Adres
Cumhuriyet Mah. Dekanlar Sok. No:2 D:1 Süleymanpaşa-TEKİRDAĞ
Danışan Destek Hattı
0850 307 57 22
Adres
Cumhuriyet Mah. Dekanlar Sok. No:2 D:1 Süleymanpaşa-TEKİRDAĞ
Danışan Destek Hattı
0850 307 57 22
Tikler, ataklar halinde aniden kişide meydana gelen tekrarlayıcı, istemsiz, amacı olmayan hareketler ve sesler olarak tanımlanabilir. Tikler, genellikle çocukluk çağında ortaya çıkmaktadır. Başlangıç yaşı 6 yaş civarı olabildiği gibi daha ileri yaşlarda da ortaya çıkabilir. Ergenlik dönemine veya erken yetişkinlik dönemine doğru iyileşme gösterebilir.

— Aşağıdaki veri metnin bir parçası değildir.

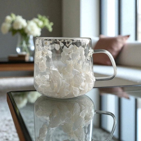 - Szklanka termiczna z podwójnym dnem to wyjątkowy sposób na ciepłe i zimne napoje. Wewnątrz znajduje się piękny motyw hortensji, który dodaje elegancji i oryginalności. Dzięki podwójnym ściankom napój dłużej utrzymuje optymalną temperaturę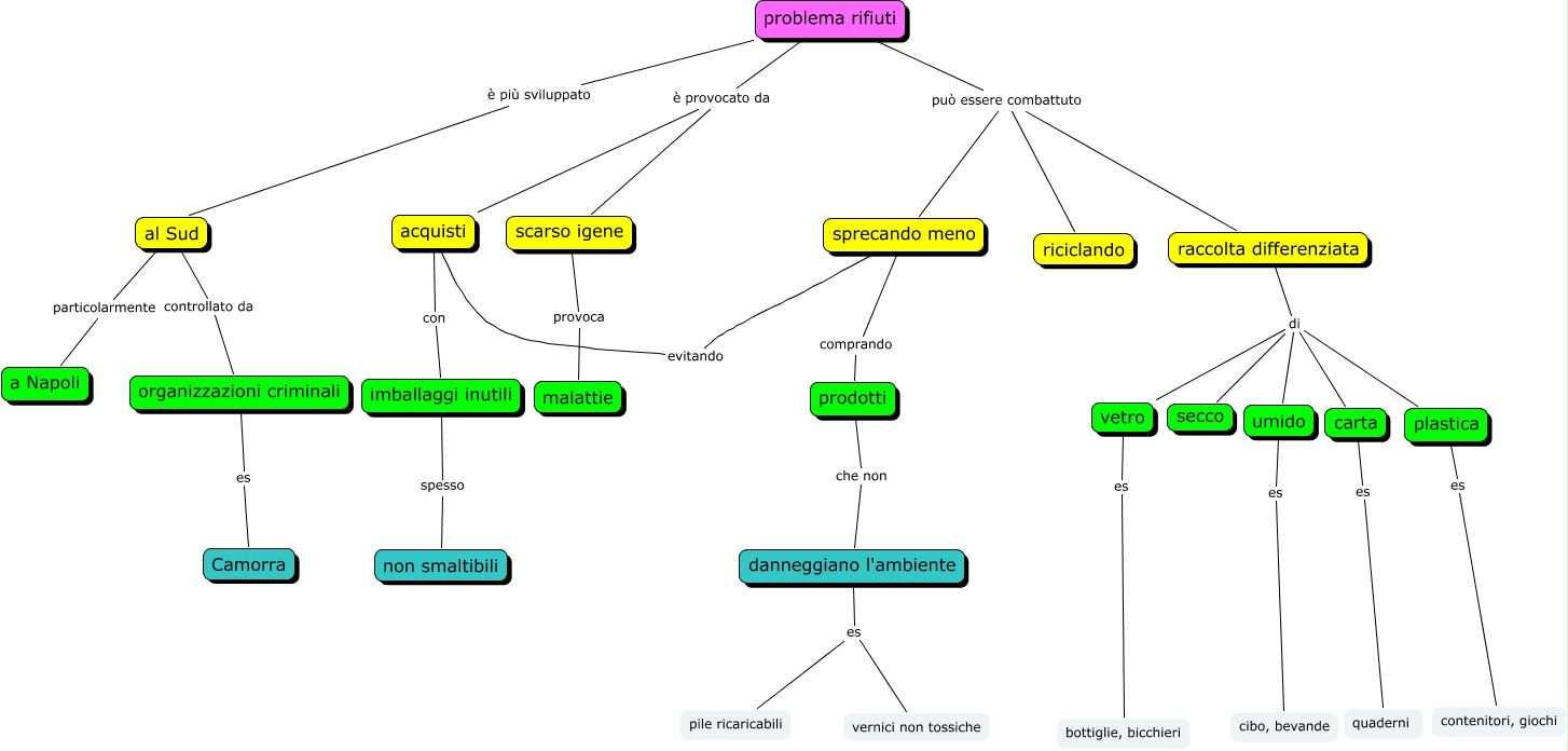 Questa Cmap, creata con IHMC CmapTools, contiene informazioni relative a: Rifiuti, plastica es contenitori, giochi, danneggiano l'ambiente es vernici non tossiche, acquisti con imballaggi inutili, sprecando meno evitando acquisti, vetro es bottiglie, bicchieri, raccolta differenziata di plastica, umido es cibo, bevande, problema rifiuti è provocato da scarso igene, scarso igene provoca malattie, problema rifiuti può essere combattuto raccolta differenziata, raccolta differenziata di secco, problema rifiuti è provocato da acquisti, problema rifiuti è più sviluppato al Sud, problema rifiuti può essere combattuto riciclando, problema rifiuti può essere combattuto sprecando meno, raccolta differenziata di umido, al Sud controllato da organizzazioni criminali, prodotti che non danneggiano l'ambiente, imballaggi inutili spesso non smaltibili, organizzazioni criminali es Camorra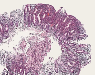 Duodenal biopsy from a patient with coeliac disease. Complete atrophy of the villi with flat mucosa and marked crypt hyperplasia. Intraepithelial lymphocytosis. Dense mixed inflammatory infiltrate in the lamina propria.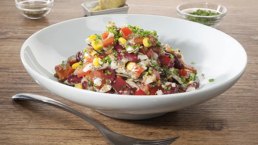 Elaboración de la receta de Ensalada de alubias rojas, maíz y semillas: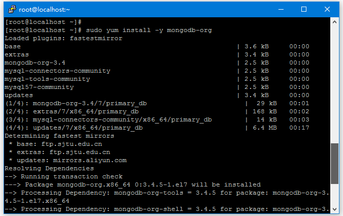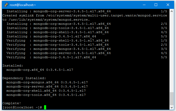 [root@localhost ~]# cat /var/log/mongodb/mongod.log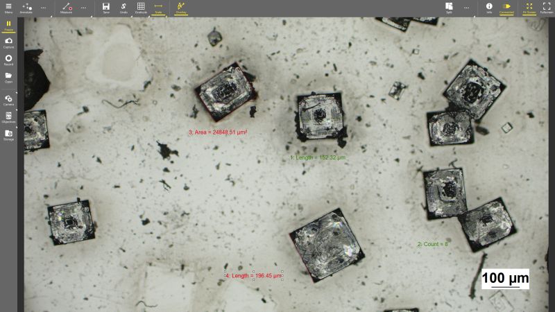 Nikon NIS-Elements LE Software - selbst gezüchtete Salzkristalle, Anwendung zeigt Kristallinspektion mit Partikelanalyse.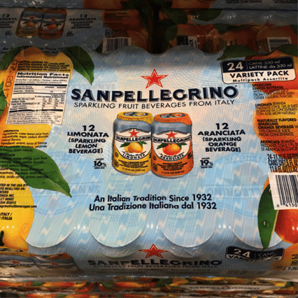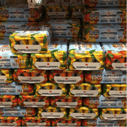 Signe de l’engouement des américains pour les eaux aromatisées, la marque San Pellegrino est présente en palette au sol avec un pack filmé de 24 références panachant 12 boîtes de citron et 12 boîtes d’orange.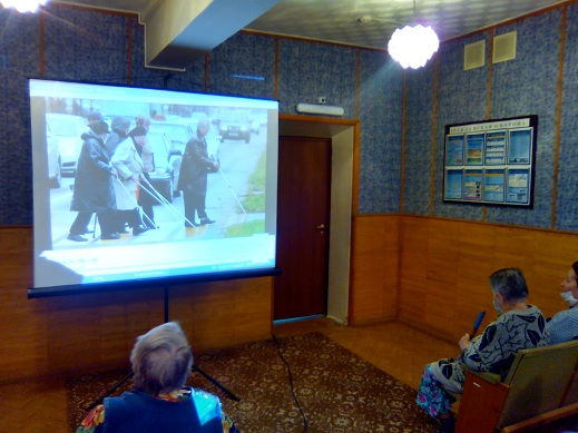 Просмотр тематического сообщения «Опора во тьме», подготовленного отделом внестационарного обслуживания в рамках Международного Дня Белой трости, состоялся в отделении временного проживания граждан пожилого возраста и инвалидов Фурмановского центра социального обслуживания.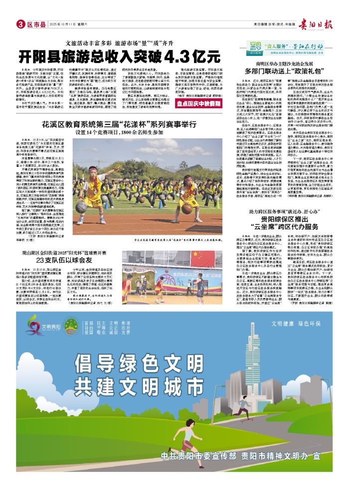 本报讯 今年国庆中秋假期,开阳县围绕“硒游开阳·月满华诞”主题,依托生态资源与文化底蕴,以“文化+旅游+体育+农业”深度融合为主线,推出多元旅游产品,实现旅游市场“量”“质”双升。全县累计接

Ayrıca tikler var olduğu süre içerisinde de dalgalanma gösterebilir. Bir başka deyişle, çocuklarda görülen tikler zaman zaman azalabilir veya artış sergileyebilir. Tiklerin artış göstermesini etkileyebilecek birçok faktör bulunur. Stres, yoğun zorlayıcı duygular (üzüntü, kaygı, öfke vb.), travmatik yaşam olayları, yorgunluk gibi etkenler bu faktörlerin başında gelir. Çocuğun daha sakin hissettiği durumlarda tiklerde azalma gözlemlenebilir.
Çocuklarda görülen tikler, motor ve vokal olmak üzere iki temel alt gruba ayrılmaktadır.
Motor tikler: Göz kırpma, kaş kaldırma, omuz silkme, boyun ve baş sallama, çeşitli ağız hareketleri en sık görülen motor tiklerdir.
Vokal tikler: Burun çekme, burundan sesli bir şekilde nefes verme, boğaz temizleme ve öksürme ise yaygın olarak görülen vokal tikler olarak sayılabilir.
Çocuklarda, tek bir tik olabileceği gibi birden fazla tik de görülebilir. Örneğin, boğaz temizleme tiki olan bir çocuğun aynı zamanda göz kırpma tiki de olabilir.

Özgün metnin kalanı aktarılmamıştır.